▶ _Data extract_
- Opening Delimiter -

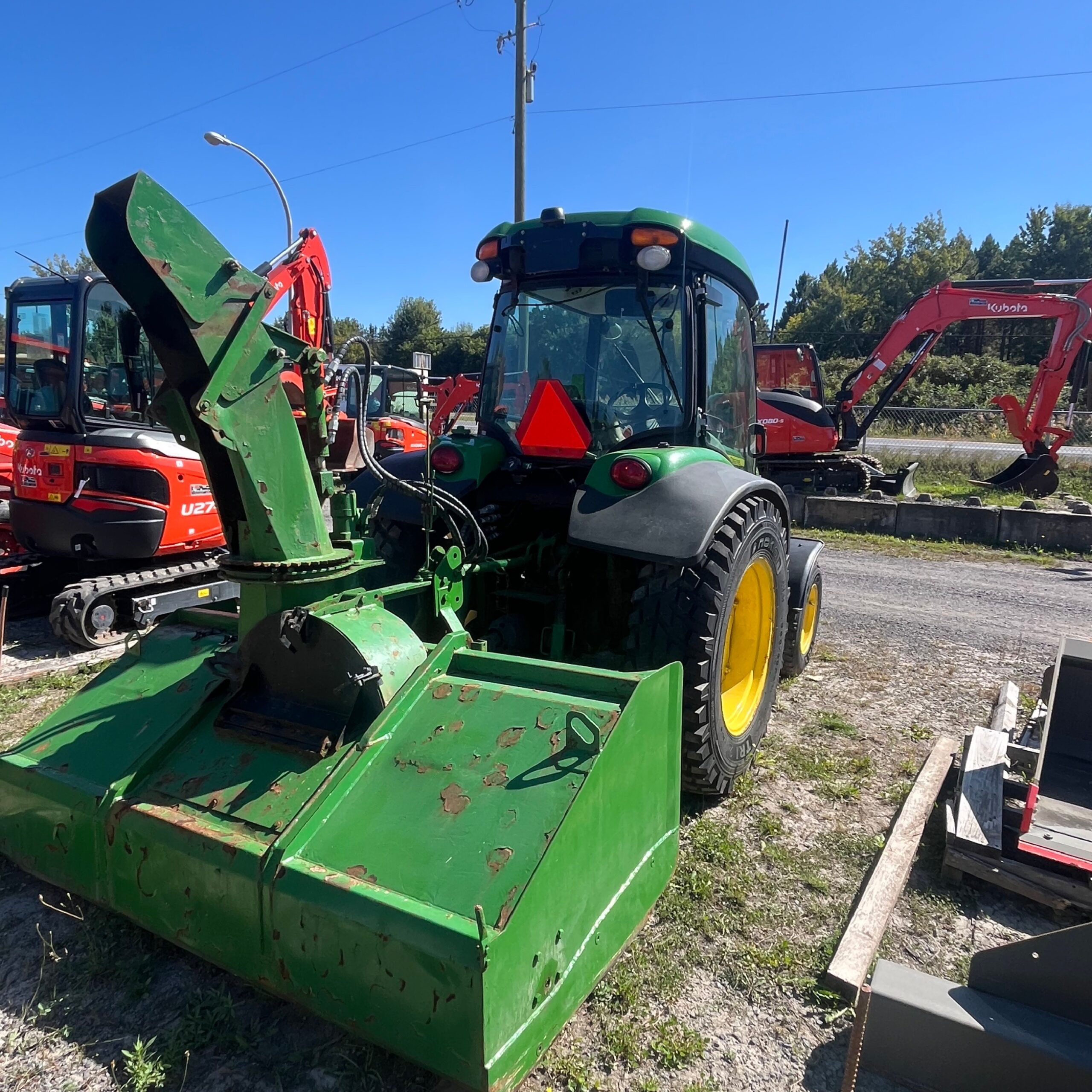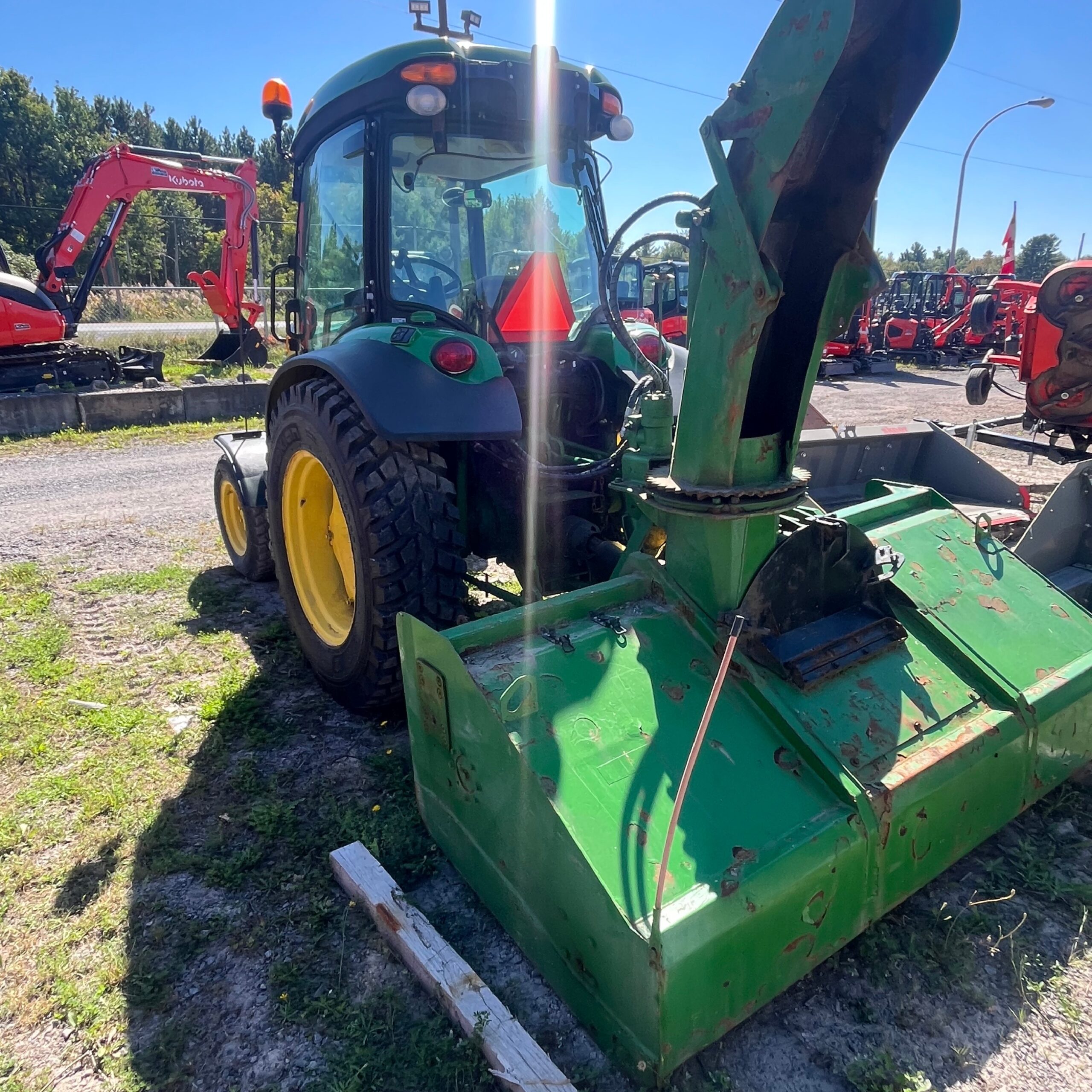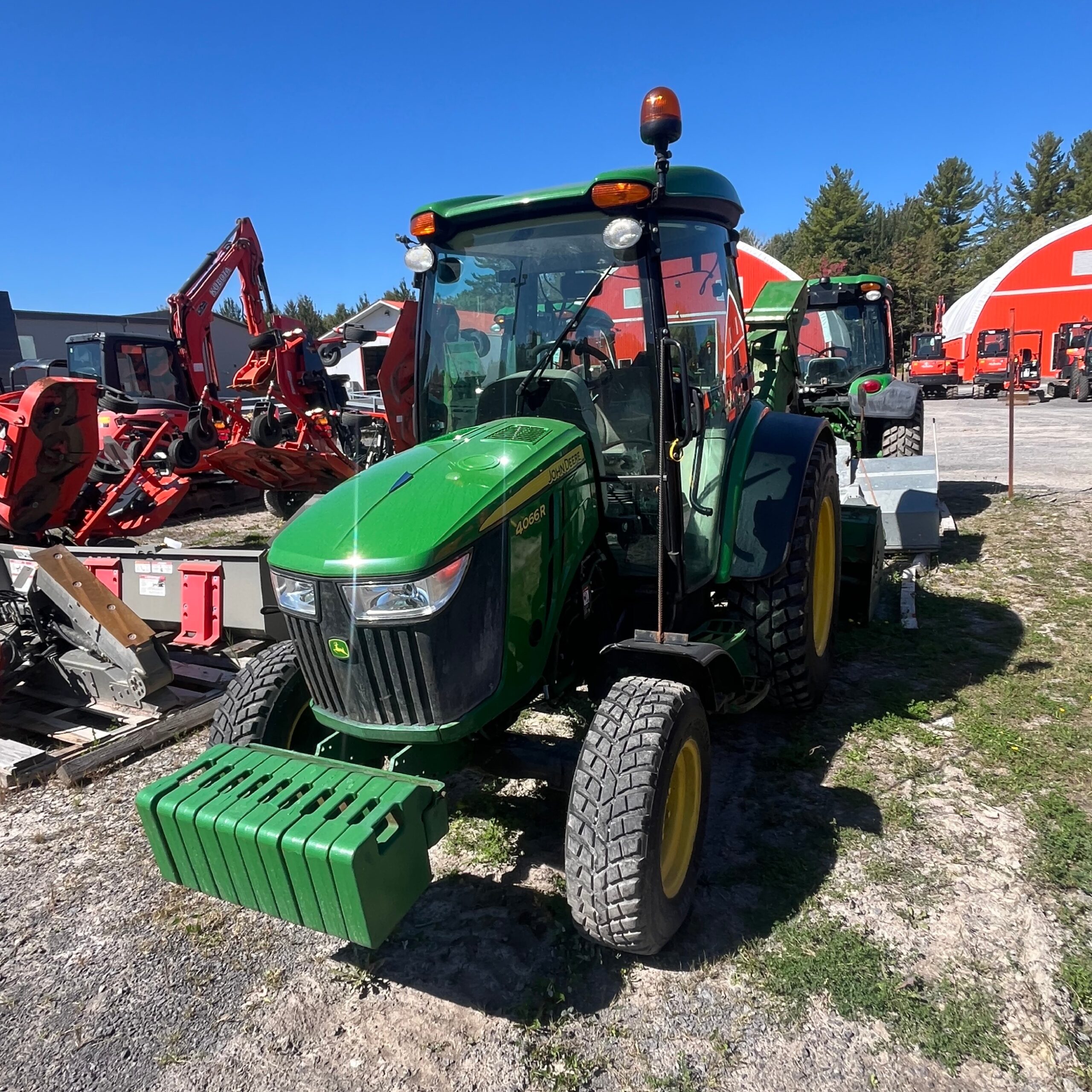 TRACTEUR 2020 4X4 USAGÉ JOHN DEERE 4066R, MOTEUR DIÉSEL, TRANSMISSION HYDROSTATIQUE, CABINE AVEC AIR CLIMATISÉ ET CHAUFFAGE, PNEUS NOKIAN, PESÉES AVANT, SOUFFLEUSE NORMAND N82-260HYB
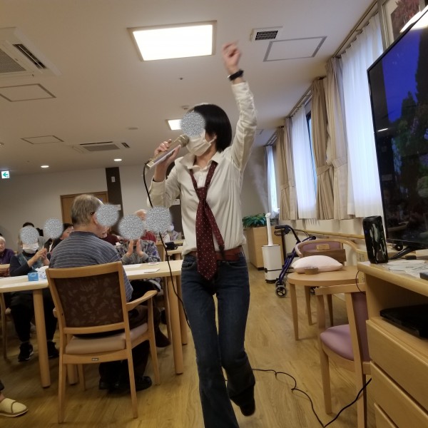 こんにちは。職員1発芸の様子です(^_-)-☆
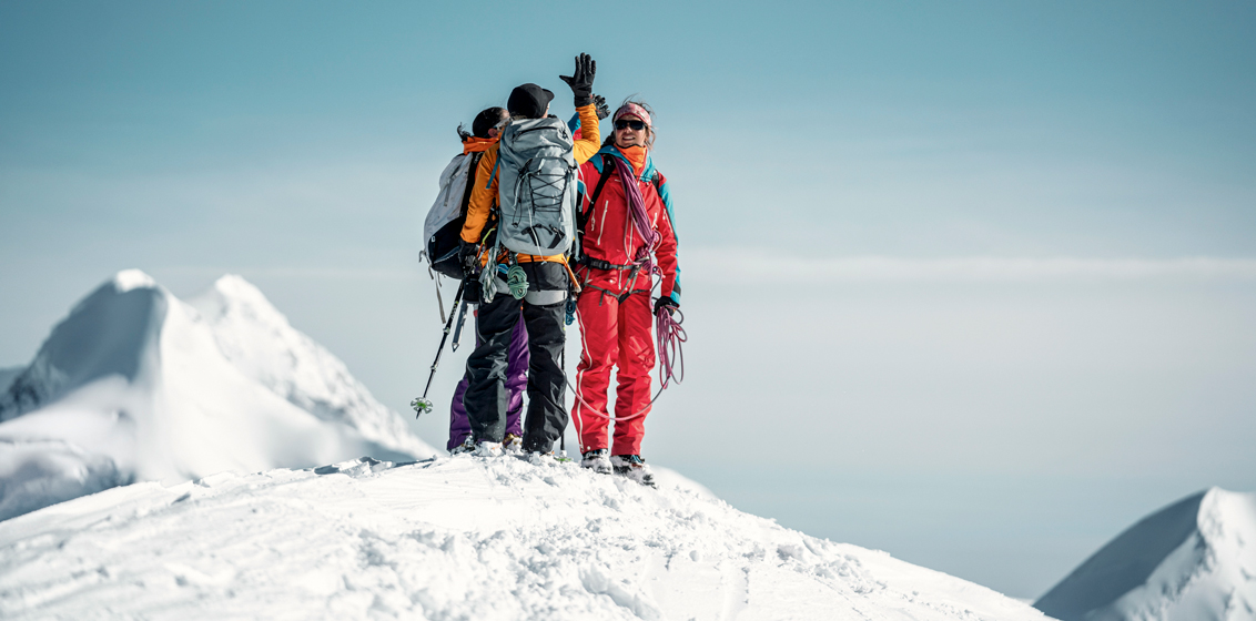 The first group of mountaineers already finished their expedition on 11 March. Three athletes Chemmy Alcott (UK), Johanna Ratschiller (Italy) and Caja Schöpf (Germany), together with mountain guides and Mammut Pro Team Athletes Caro North (Switzerland) and Nadine Wallner (Austria), climbed the three 4000 metre peaks Allalinhorn, Alphubel and Strahlhorn in the canton of Valais successfully.
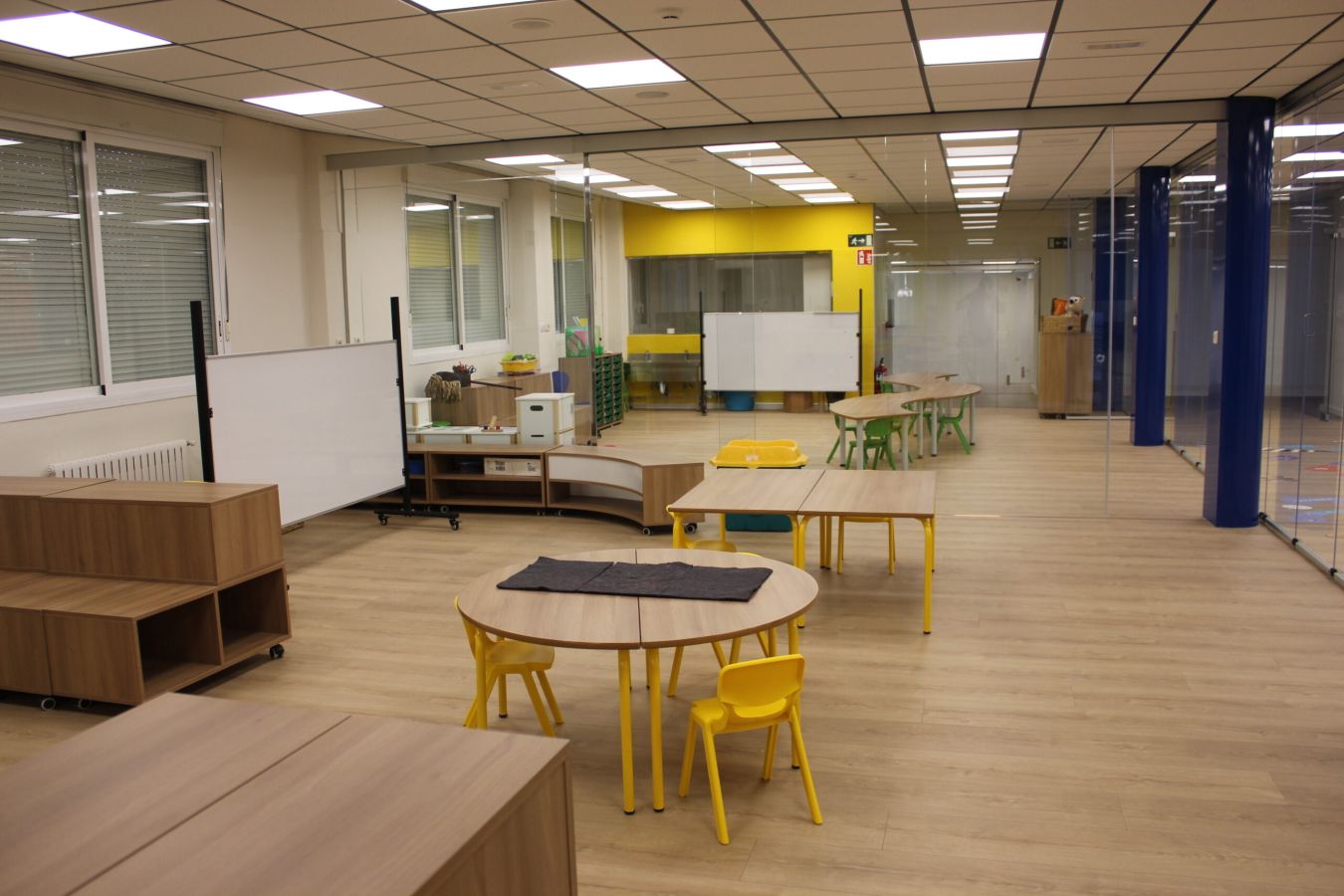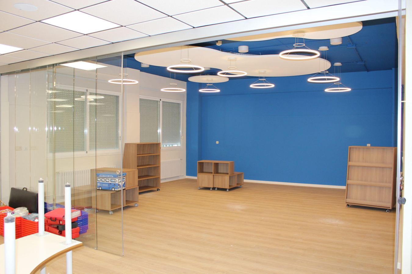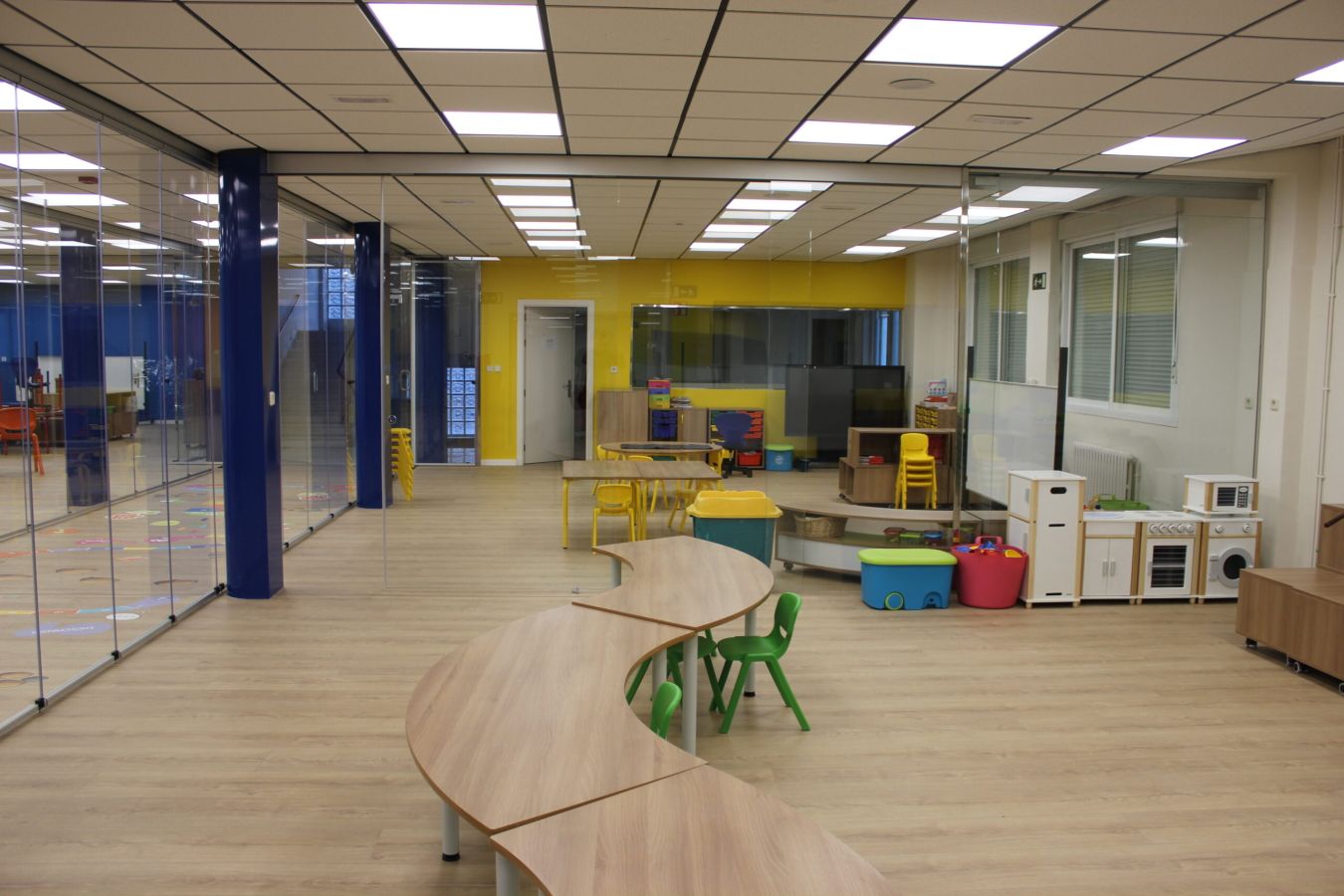 La distribución de las aulas se ha dispuesto de tal forma que, quede una zona amplia donde puedan jugar y divertirse sin ningún tipo de riesgos.

- Closing Delimiter -

▶ _What this task involves_
Output each of the lines above exactly, apart from the images.

▶ _Result below_
 TRACTEUR 2020 4X4 USAGÉ JOHN DEERE 4066R, MOTEUR DIÉSEL, TRANSMISSION HYDROSTATIQUE, CABINE AVEC AIR CLIMATISÉ ET CHAUFFAGE, PNEUS NOKIAN, PESÉES AVANT, SOUFFLEUSE NORMAND N82-260HYB
 こんにちは。職員1発芸の様子です(^_-)-☆
 The first group of mountaineers already finished their expedition on 11 March. Three athletes Chemmy Alcott (UK), Johanna Ratschiller (Italy) and Caja Schöpf (Germany), together with mountain guides and Mammut Pro Team Athletes Caro North (Switzerland) and Nadine Wallner (Austria), climbed the three 4000 metre peaks Allalinhorn, Alphubel and Strahlhorn in the canton of Valais successfully.
 La distribución de las aulas se ha dispuesto de tal forma que, quede una zona amplia donde puedan jugar y divertirse sin ningún tipo de riesgos.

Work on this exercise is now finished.